### Brief
Give back exactly the lines from the one that holds "Kanlıkavak Parkı’nda bulunan" through the final line of the data; omit the pictures and add nothing.

### Dataset content
Content starts
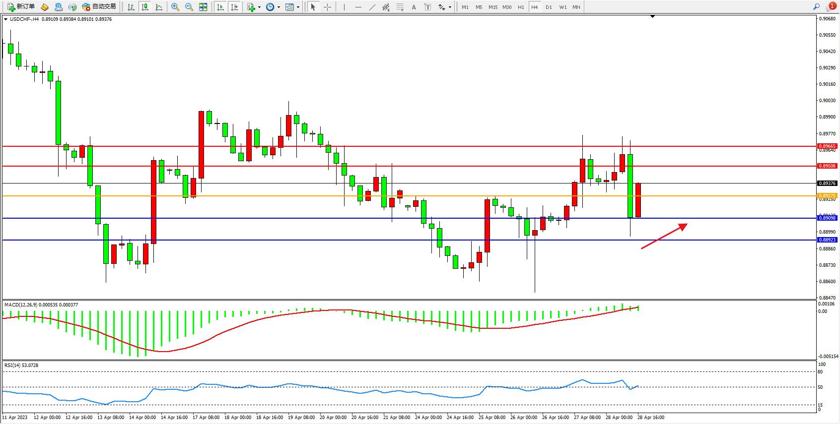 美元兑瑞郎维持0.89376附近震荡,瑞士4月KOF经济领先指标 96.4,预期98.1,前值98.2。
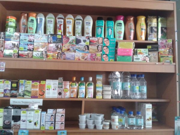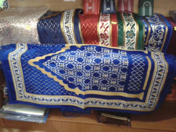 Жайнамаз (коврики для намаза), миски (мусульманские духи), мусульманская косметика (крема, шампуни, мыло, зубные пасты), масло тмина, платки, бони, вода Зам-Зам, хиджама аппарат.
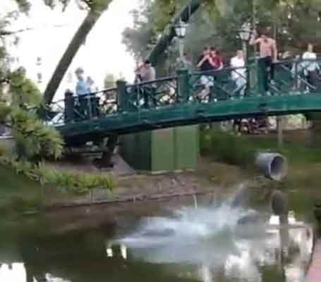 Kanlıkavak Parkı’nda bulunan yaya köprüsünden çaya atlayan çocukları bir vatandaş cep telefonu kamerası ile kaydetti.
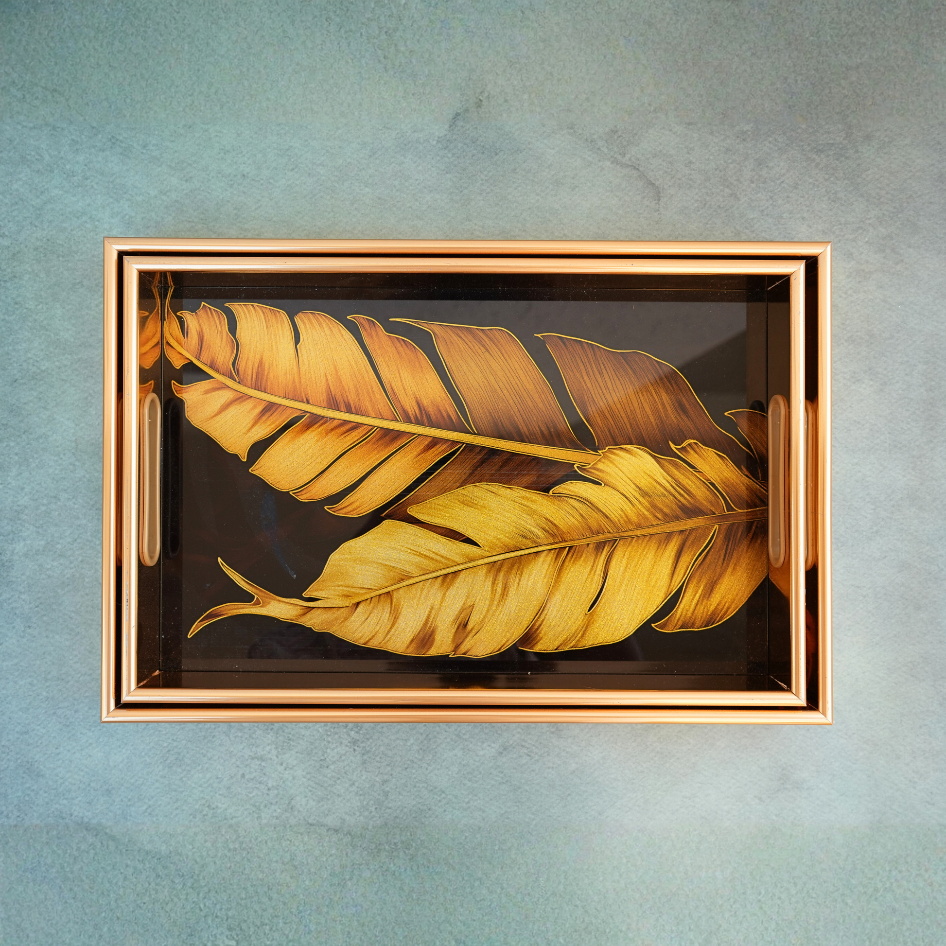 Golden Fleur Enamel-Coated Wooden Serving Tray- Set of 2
Content ends
### Task solution
 Kanlıkavak Parkı’nda bulunan yaya köprüsünden çaya atlayan çocukları bir vatandaş cep telefonu kamerası ile kaydetti.
 Golden Fleur Enamel-Coated Wooden Serving Tray- Set of 2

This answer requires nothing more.